Let $P(x)=4x^2+6x+4$ and $Q(y) =4y^2-12y+25$. If $x,y$ satisfy the equation $P(x)Q(y)=28$, then find the value of $11y-26x$.   

I know this question has been asked earlier here but the answer given states "Note that we have...". I want to know how we can arrive at that statement mathematically instead of trial and error method, because I wasn't able to get that while trying to solve it.    
Any other way of solving this question would also be helpful.

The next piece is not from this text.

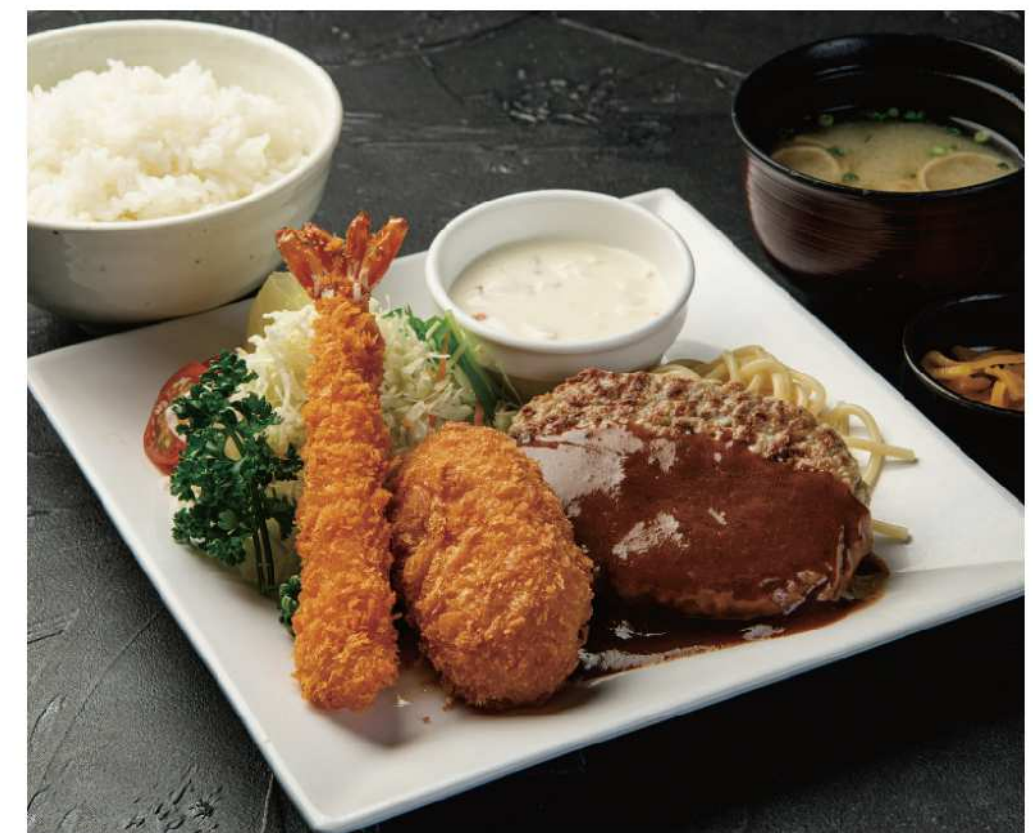
大人のランチ 【ご飯、みそ汁、漬物】 Adult lunch 定食 ..... ¥1,500 単品 ..... ¥1,280

ハンバーグにカニクリームコロッケ、エビフライの嬉しいプレート！ 大人も大満足な洋食ランチセットです。

 A: In the solution of the problem you linked to it was shown that completing the square gives the result that
$$  P(x)Q(y)=\left[\left(2x+\frac{3}{2}\right)^2+\frac{7}{4}\right]\cdot\left[(2y-3)^2+16\right]$$
If you multiply out those terms you get three terms which are non-negative plus a constant term of $28$. Therefore the product must be no smaller than $28$. In order for the product to exactly equal $28$ each of the non-negative terms must equal $0$. Thus
$2x+\frac{3}{2}=0$ and $2y-3=0$. Therefore we know that $x=-\frac{3}{4}$ and $y=\frac{3}{2}$. Then finding $11y-26x$ is easy.
A: It can be done by completing the square method,
$P(x)=4x^2+6x+4$
Let P(x) = 0.
Then,
$4x^2+6x+4 = 0$
First divide equation by 4,
So we have,
$x^2+\frac64x+1 = 0$
$x^2+\frac32x = -1$
The term of x is positive so compare it with,
$a^2 + 2ab + b^2 = (a + b)^2$
So, a = x, 
And 2ab = $\frac32x$
2b = $\frac32$
b = $\frac34$
Then $b^2 = \frac{9}{16}$
So above equation become,
$x^2+\frac32x+\frac9{16}= -1+\frac{9}{16}$
$(x+\frac34)^2 = \frac{-7}{16}$
$(x+\frac34)^2 + \frac{7}{16} = 0$
In Q(x) also divide the equation by 4 and then compare with 
$a^2 - 2ab + b^2 = (a - b)^2$ as term containing x is negative.